I work with a system that is very similar to a BI dashboard. For example, suppose the dashboard shows some of the company's business metrics, such as B. Sales, Refund, Number of Orders, Average Order Value, etc.
The data for one year is displayed on the front end. The daily value for one year is currently displayed in a line chart. However, later the user will be able to select various aggregation options, e.g. For example, data is aggregated by year, week, month, etc. (or after 7 days, 14 days, etc.). Yes, this is not yet known point). In the backend we use a Big Data Warehouse solution (SQL) and a Node.js server
Now I'm thinking about 3 options and I'm not sure which approach to take. If you want to share some experiences / insights, this will be greatly appreciated!
1) The aggregation logic in the backend, especially the data layer, basically performs the aggregation in SQL queries.
pro: 1) fast 2) scales well as the data size grows (let's say we show 3 year data, more metrics)
con: 1) If the logic of query aggregation changes (e.g., from calendar month / week to consecutive x days), most queries may be rewritten (may not be true if this is the case). 2) Need more work to set up a solid test.

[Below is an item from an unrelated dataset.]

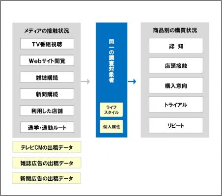 メディア別の広告効果を生活者の視点で評価することを目的に、同一の調査対象者に対して、メディアへの接触状況、商品・サービスの認知や購入意向などを調査したデータです。シングルソースデータは、個人が特定される情報ではありません。

2) Aggregation logic in the backend, especially on the application layer. Basically, the query returns daily data points and the application processes the aggregation logic.
pro: 1) easier to change if the aggregation logic changes (relatively)
con: 1) slower than this in the data layer (more network traffic, voice performance difference, more load on the server) 2) worse scaled compared to the data layer approach
3) Aggregation logic in the frontend, most diagram libraries support various aggregation scenarios. Basically, api returns all daily data points.
pro: 1) very flexible if the aggregation logic changes.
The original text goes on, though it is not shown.